The answer must be an exact copy of the lines from the one containing "აღწერა: ეს არის იარაღის მაღაზიის ინტერიერი." through the end of the records, with the pictures left out.

..............................

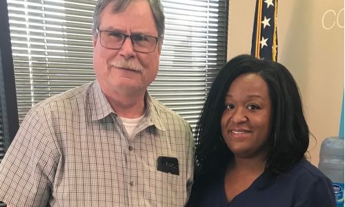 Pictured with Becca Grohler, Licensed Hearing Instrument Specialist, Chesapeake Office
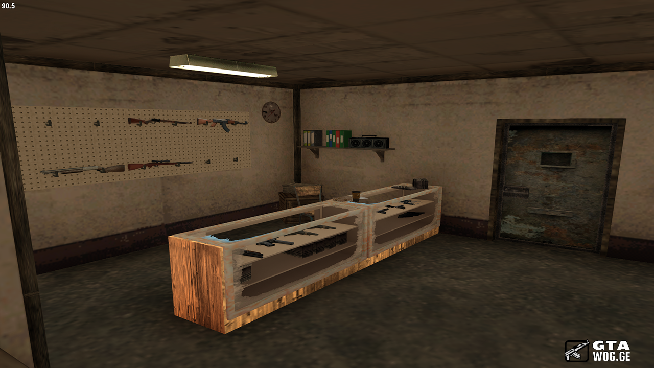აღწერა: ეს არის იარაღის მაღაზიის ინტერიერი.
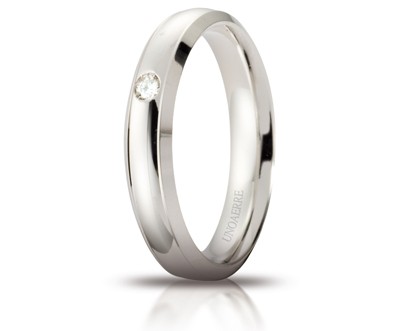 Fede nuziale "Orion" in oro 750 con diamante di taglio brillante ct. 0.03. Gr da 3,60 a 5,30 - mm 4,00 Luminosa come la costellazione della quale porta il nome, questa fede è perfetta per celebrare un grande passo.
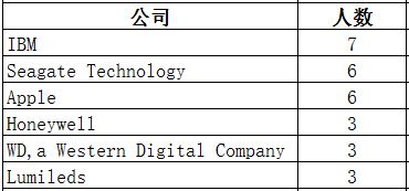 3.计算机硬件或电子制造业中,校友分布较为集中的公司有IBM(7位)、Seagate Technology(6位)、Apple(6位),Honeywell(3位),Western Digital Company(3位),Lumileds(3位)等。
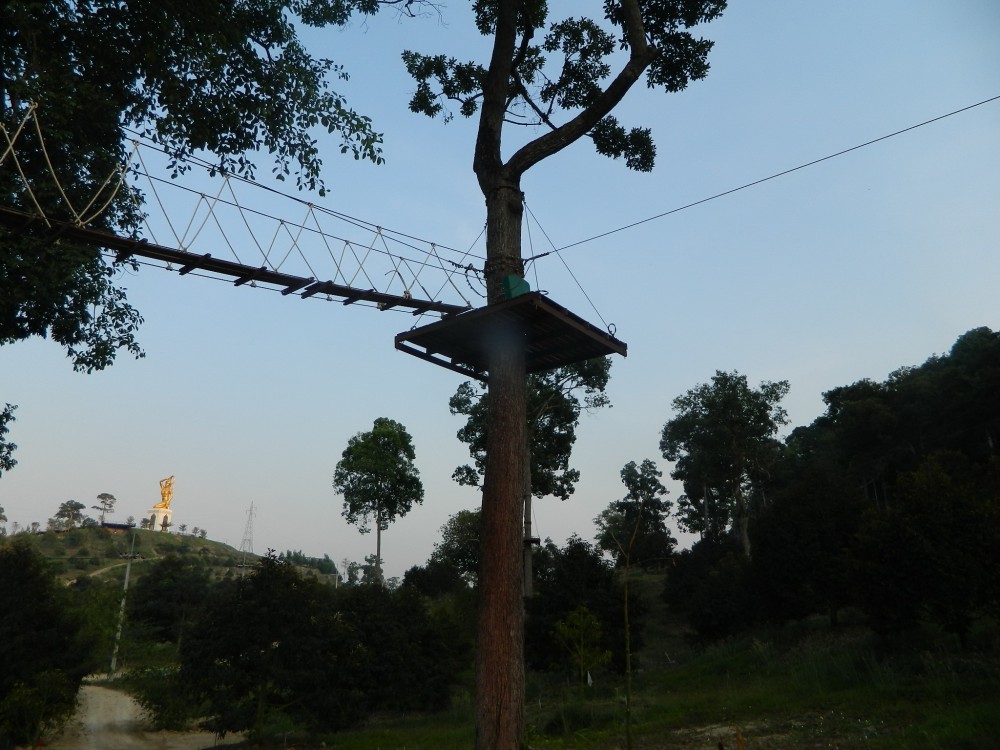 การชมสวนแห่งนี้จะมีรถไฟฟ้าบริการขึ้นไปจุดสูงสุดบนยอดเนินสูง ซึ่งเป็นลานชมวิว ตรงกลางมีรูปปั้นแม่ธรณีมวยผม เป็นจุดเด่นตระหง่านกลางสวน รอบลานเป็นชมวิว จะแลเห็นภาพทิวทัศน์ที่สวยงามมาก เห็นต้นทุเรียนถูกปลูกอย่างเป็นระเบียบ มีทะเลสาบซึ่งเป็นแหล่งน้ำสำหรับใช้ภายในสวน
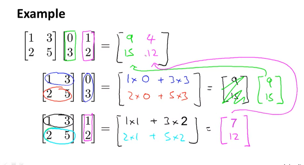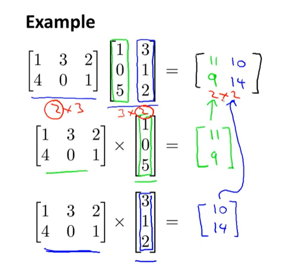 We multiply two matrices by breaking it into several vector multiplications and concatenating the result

..............................

• [Your response]
აღწერა: ეს არის იარაღის მაღაზიის ინტერიერი.
 Fede nuziale "Orion" in oro 750 con diamante di taglio brillante ct. 0.03. Gr da 3,60 a 5,30 - mm 4,00 Luminosa come la costellazione della quale porta il nome, questa fede è perfetta per celebrare un grande passo.
 3.计算机硬件或电子制造业中,校友分布较为集中的公司有IBM(7位)、Seagate Technology(6位)、Apple(6位),Honeywell(3位),Western Digital Company(3位),Lumileds(3位)等。
 การชมสวนแห่งนี้จะมีรถไฟฟ้าบริการขึ้นไปจุดสูงสุดบนยอดเนินสูง ซึ่งเป็นลานชมวิว ตรงกลางมีรูปปั้นแม่ธรณีมวยผม เป็นจุดเด่นตระหง่านกลางสวน รอบลานเป็นชมวิว จะแลเห็นภาพทิวทัศน์ที่สวยงามมาก เห็นต้นทุเรียนถูกปลูกอย่างเป็นระเบียบ มีทะเลสาบซึ่งเป็นแหล่งน้ำสำหรับใช้ภายในสวน
 We multiply two matrices by breaking it into several vector multiplications and concatenating the result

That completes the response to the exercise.